**Task objective:** Find the line below with "A: The rug features" and the line with "Camicia manica lunga". Output them and the lines between, exactly, but not the pictures.

**Record extracts:**

......

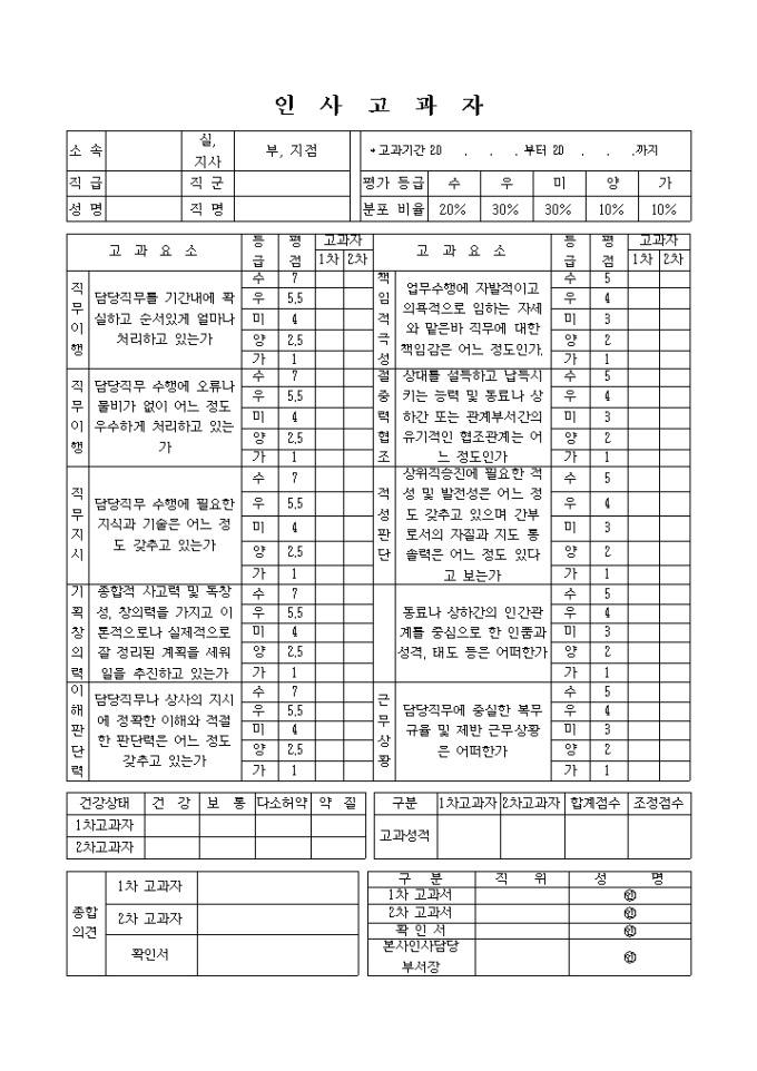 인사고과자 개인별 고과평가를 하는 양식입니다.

......

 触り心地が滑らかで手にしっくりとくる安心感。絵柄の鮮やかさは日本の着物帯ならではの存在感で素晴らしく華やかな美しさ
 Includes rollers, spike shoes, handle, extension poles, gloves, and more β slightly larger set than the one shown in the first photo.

......

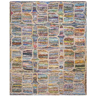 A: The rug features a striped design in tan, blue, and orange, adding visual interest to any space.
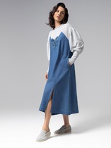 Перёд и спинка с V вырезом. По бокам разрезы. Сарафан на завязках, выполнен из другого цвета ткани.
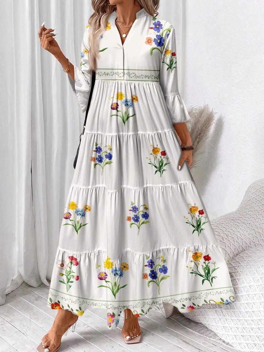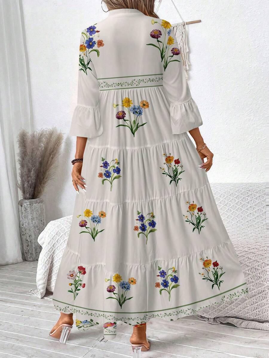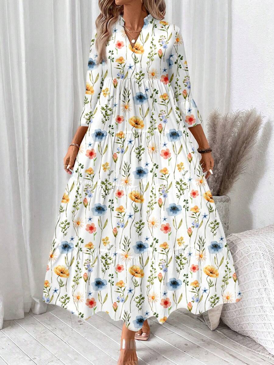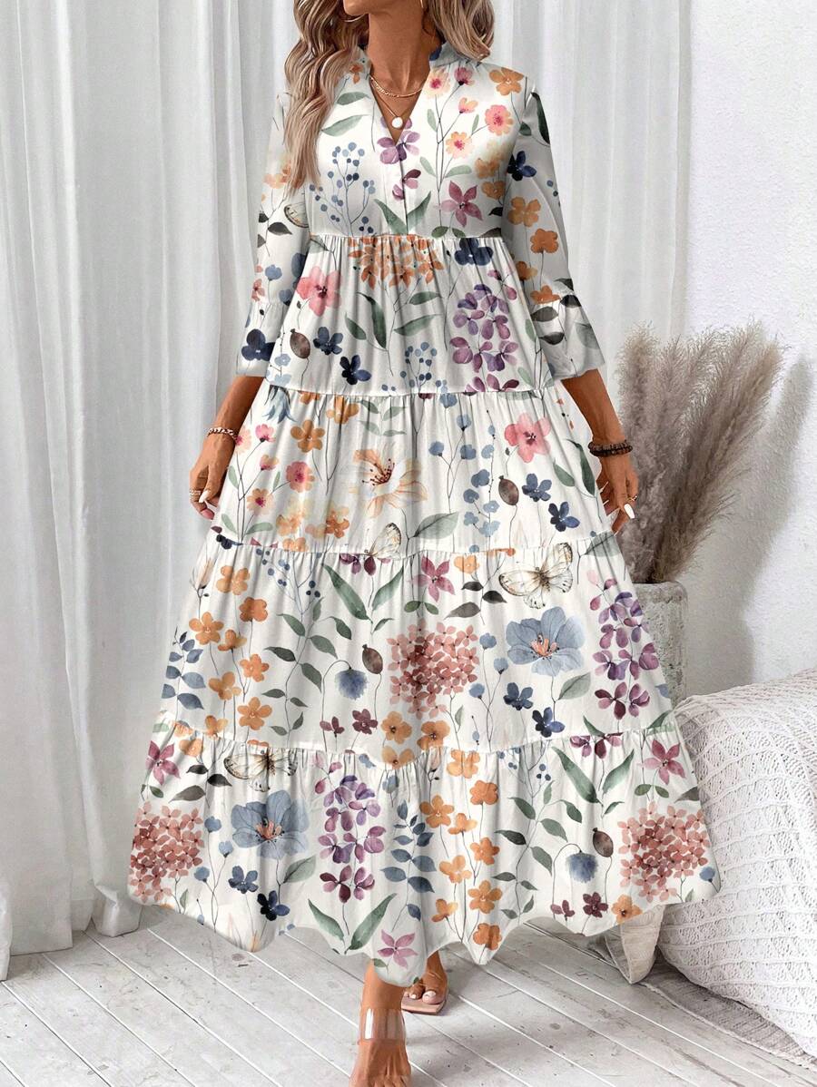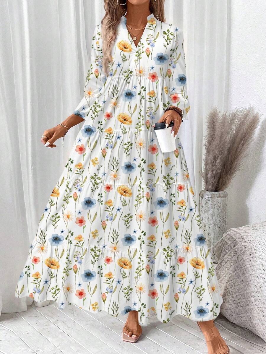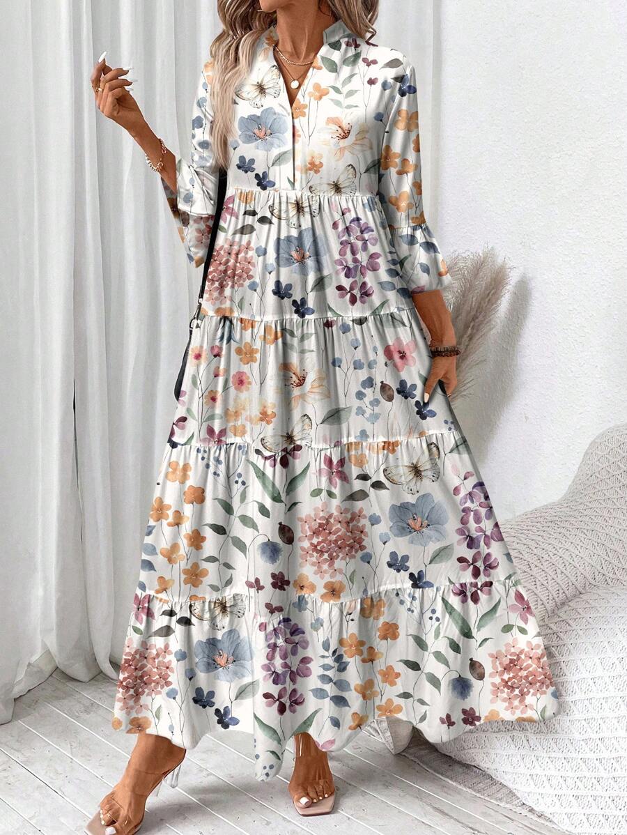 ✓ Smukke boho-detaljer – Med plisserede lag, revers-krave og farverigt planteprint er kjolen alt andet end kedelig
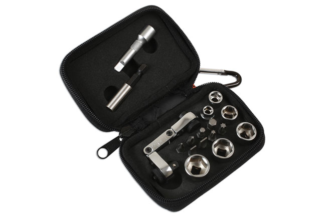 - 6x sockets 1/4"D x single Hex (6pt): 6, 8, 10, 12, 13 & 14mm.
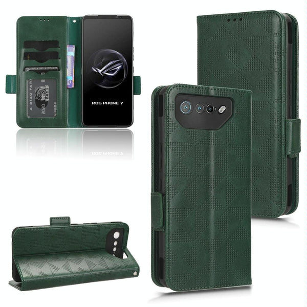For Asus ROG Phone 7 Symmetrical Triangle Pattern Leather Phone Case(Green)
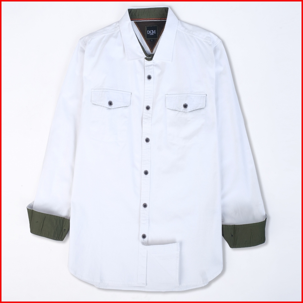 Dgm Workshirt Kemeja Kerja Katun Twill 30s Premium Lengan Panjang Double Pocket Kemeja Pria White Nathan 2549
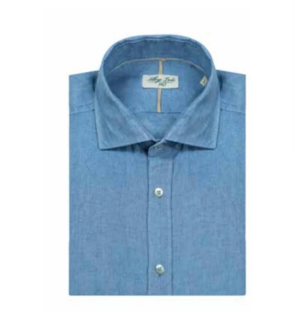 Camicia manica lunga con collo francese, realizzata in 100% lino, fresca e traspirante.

......

**Expected output:**
 A: The rug features a striped design in tan, blue, and orange, adding visual interest to any space.
 Перёд и спинка с V вырезом. По бокам разрезы. Сарафан на завязках, выполнен из другого цвета ткани.
 ✓ Smukke boho-detaljer – Med plisserede lag, revers-krave og farverigt planteprint er kjolen alt andet end kedelig
 - 6x sockets 1/4"D x single Hex (6pt): 6, 8, 10, 12, 13 & 14mm.
For Asus ROG Phone 7 Symmetrical Triangle Pattern Leather Phone Case(Green)
 Dgm Workshirt Kemeja Kerja Katun Twill 30s Premium Lengan Panjang Double Pocket Kemeja Pria White Nathan 2549
 Camicia manica lunga con collo francese, realizzata in 100% lino, fresca e traspirante.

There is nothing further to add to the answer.